_ASSIGNED TASK_
Using the records below, give again exactly the lines from the line that contains "Very nice double-wide, sits" through the line that contains "Die Frauen nutzten", both ends included, and only those.

_GIVEN RECORDS_
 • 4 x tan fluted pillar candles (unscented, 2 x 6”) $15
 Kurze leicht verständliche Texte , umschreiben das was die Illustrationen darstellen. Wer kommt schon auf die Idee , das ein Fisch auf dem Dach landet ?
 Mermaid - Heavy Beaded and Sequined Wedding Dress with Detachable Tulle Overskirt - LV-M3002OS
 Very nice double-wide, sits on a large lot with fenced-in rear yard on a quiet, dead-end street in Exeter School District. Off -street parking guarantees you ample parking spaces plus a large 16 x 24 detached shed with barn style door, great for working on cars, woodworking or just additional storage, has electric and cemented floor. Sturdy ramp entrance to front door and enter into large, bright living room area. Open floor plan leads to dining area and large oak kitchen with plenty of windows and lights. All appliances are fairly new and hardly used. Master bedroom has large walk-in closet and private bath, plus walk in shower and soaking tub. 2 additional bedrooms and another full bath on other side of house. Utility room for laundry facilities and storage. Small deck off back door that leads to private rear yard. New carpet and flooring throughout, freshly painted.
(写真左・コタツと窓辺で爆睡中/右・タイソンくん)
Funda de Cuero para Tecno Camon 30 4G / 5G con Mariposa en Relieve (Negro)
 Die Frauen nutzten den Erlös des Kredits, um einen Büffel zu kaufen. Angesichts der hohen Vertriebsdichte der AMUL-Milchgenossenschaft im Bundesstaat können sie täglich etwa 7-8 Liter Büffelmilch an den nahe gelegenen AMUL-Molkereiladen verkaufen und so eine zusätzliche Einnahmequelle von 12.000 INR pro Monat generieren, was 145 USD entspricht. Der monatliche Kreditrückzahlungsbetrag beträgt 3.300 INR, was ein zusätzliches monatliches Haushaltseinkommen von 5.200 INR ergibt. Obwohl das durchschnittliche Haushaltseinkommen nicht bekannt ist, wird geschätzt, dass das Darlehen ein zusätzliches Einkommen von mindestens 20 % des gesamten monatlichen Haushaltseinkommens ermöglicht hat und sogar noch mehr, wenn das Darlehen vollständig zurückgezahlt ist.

--

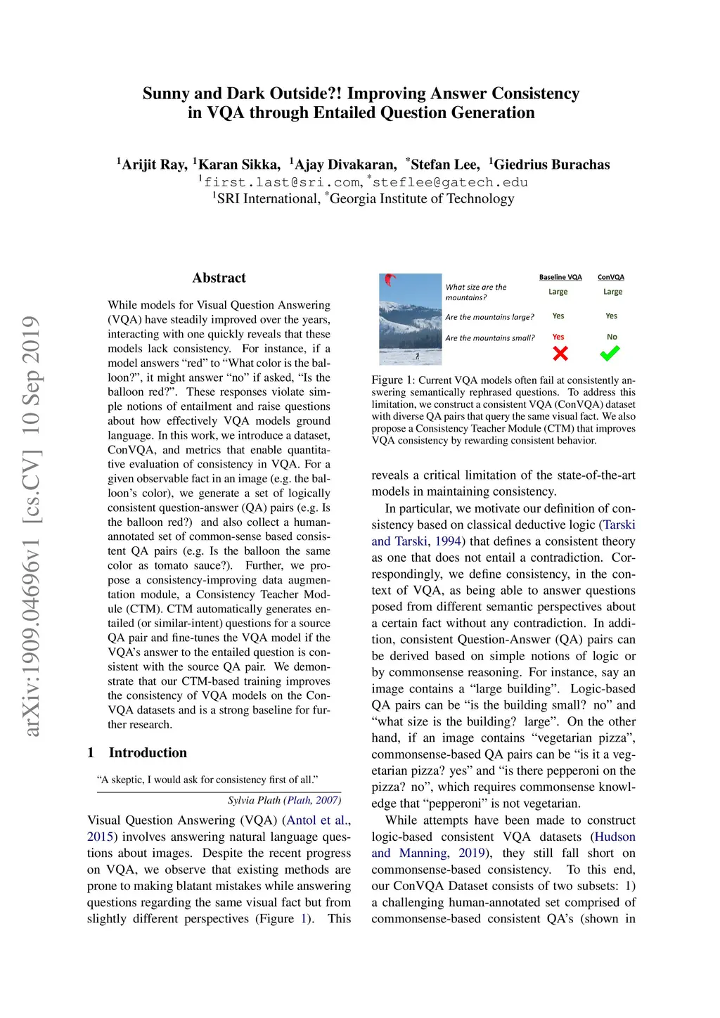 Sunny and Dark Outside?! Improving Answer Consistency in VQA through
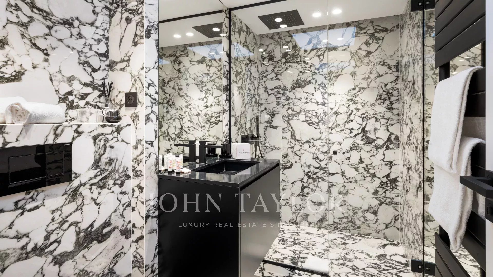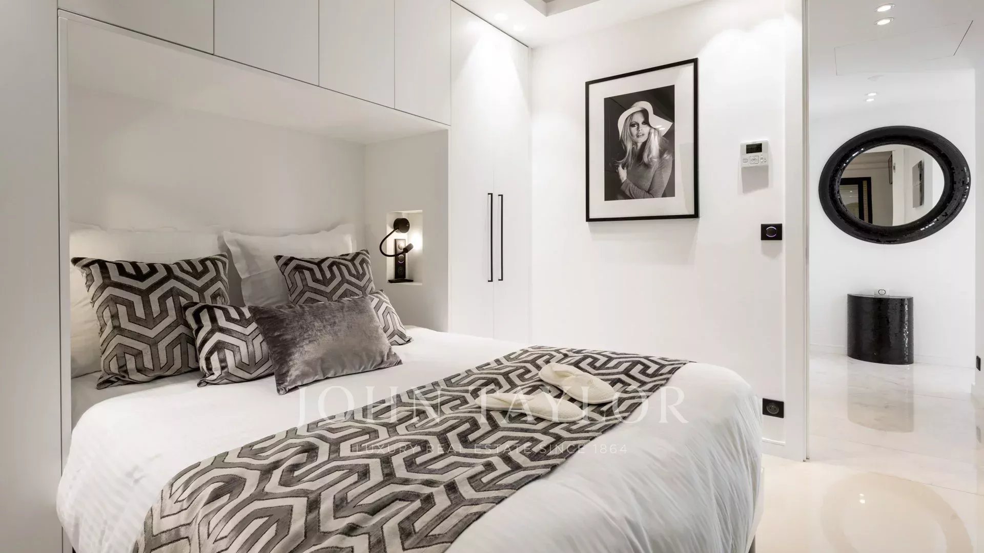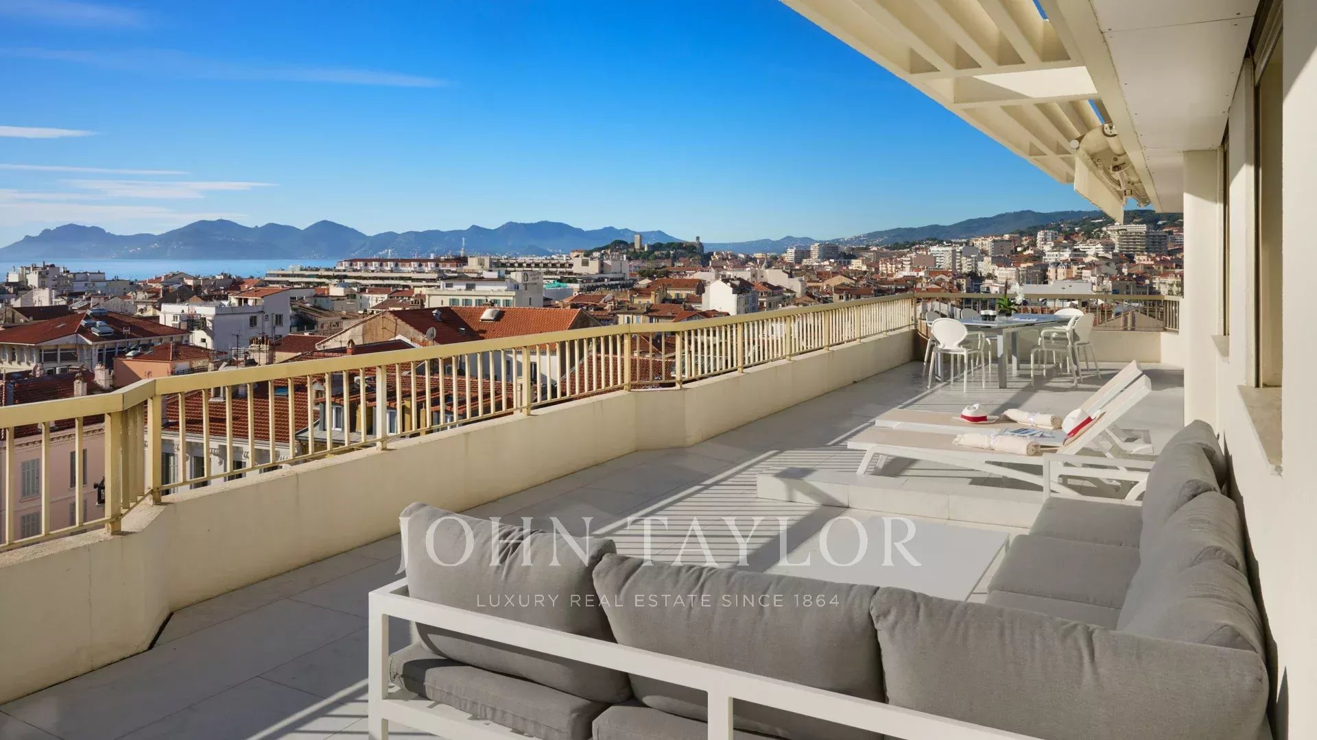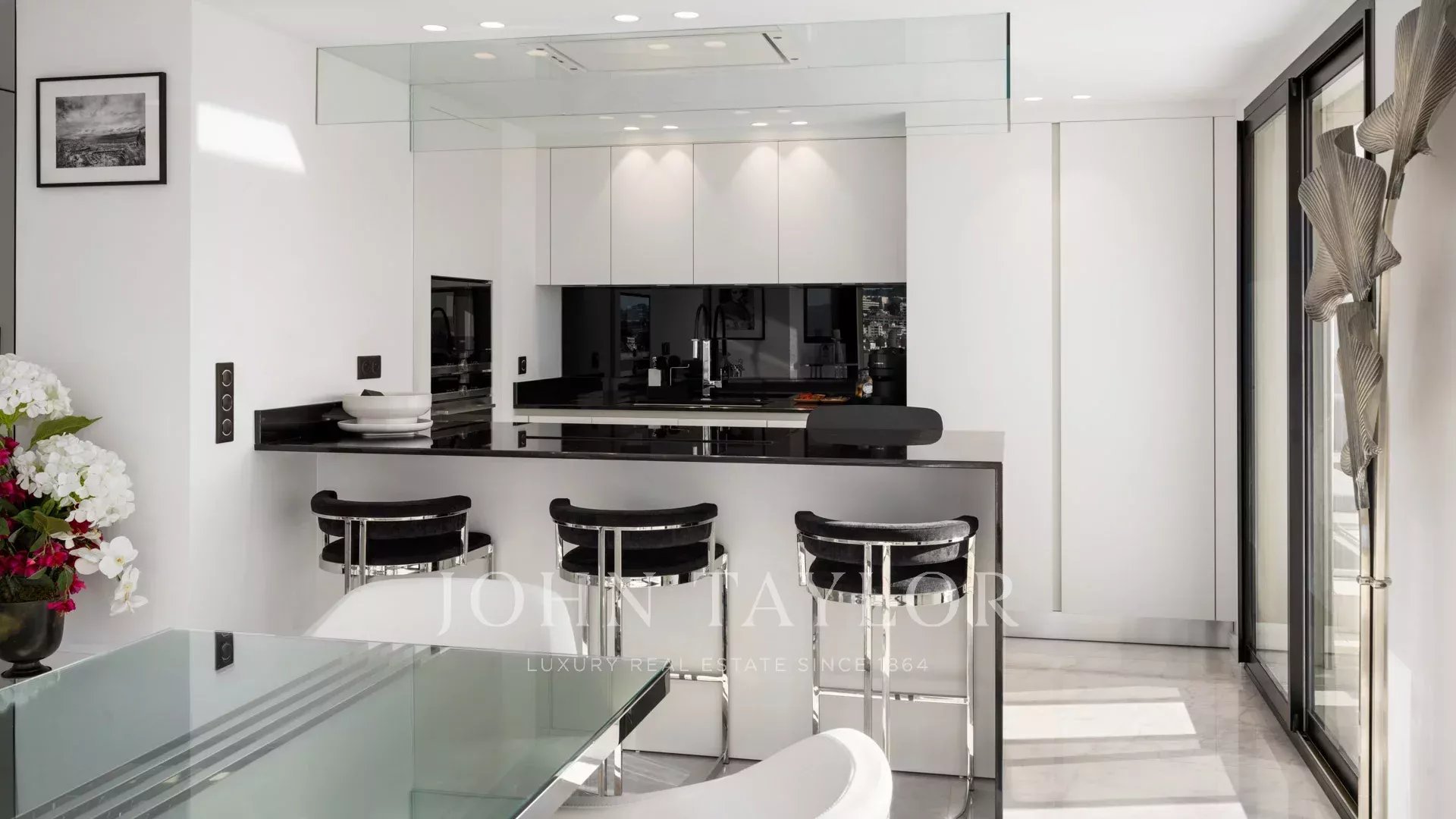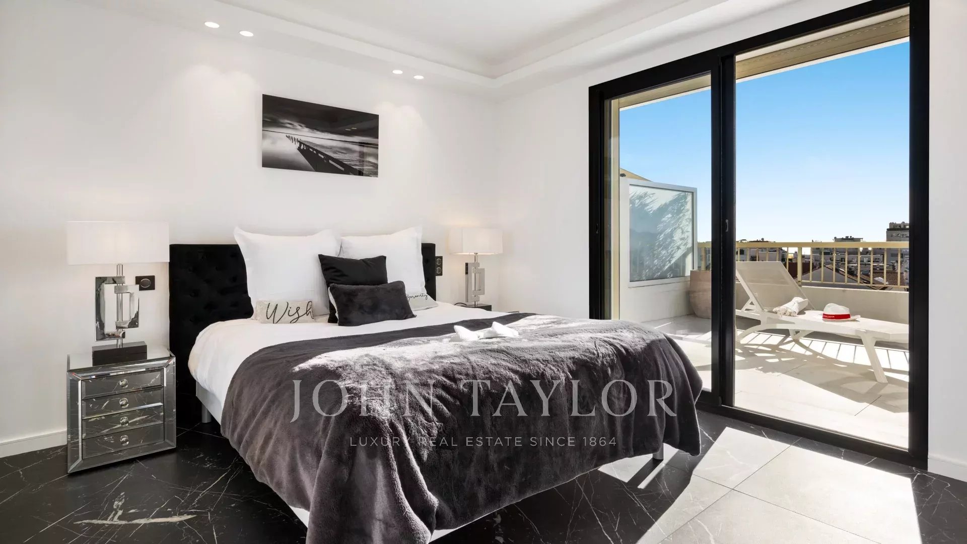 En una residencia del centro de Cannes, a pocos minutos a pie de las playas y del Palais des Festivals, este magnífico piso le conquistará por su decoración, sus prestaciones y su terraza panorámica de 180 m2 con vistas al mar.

_RESPONSE AREA_
 Very nice double-wide, sits on a large lot with fenced-in rear yard on a quiet, dead-end street in Exeter School District. Off -street parking guarantees you ample parking spaces plus a large 16 x 24 detached shed with barn style door, great for working on cars, woodworking or just additional storage, has electric and cemented floor. Sturdy ramp entrance to front door and enter into large, bright living room area. Open floor plan leads to dining area and large oak kitchen with plenty of windows and lights. All appliances are fairly new and hardly used. Master bedroom has large walk-in closet and private bath, plus walk in shower and soaking tub. 2 additional bedrooms and another full bath on other side of house. Utility room for laundry facilities and storage. Small deck off back door that leads to private rear yard. New carpet and flooring throughout, freshly painted.
(写真左・コタツと窓辺で爆睡中/右・タイソンくん)
Funda de Cuero para Tecno Camon 30 4G / 5G con Mariposa en Relieve (Negro)
 Die Frauen nutzten den Erlös des Kredits, um einen Büffel zu kaufen. Angesichts der hohen Vertriebsdichte der AMUL-Milchgenossenschaft im Bundesstaat können sie täglich etwa 7-8 Liter Büffelmilch an den nahe gelegenen AMUL-Molkereiladen verkaufen und so eine zusätzliche Einnahmequelle von 12.000 INR pro Monat generieren, was 145 USD entspricht. Der monatliche Kreditrückzahlungsbetrag beträgt 3.300 INR, was ein zusätzliches monatliches Haushaltseinkommen von 5.200 INR ergibt. Obwohl das durchschnittliche Haushaltseinkommen nicht bekannt ist, wird geschätzt, dass das Darlehen ein zusätzliches Einkommen von mindestens 20 % des gesamten monatlichen Haushaltseinkommens ermöglicht hat und sogar noch mehr, wenn das Darlehen vollständig zurückgezahlt ist.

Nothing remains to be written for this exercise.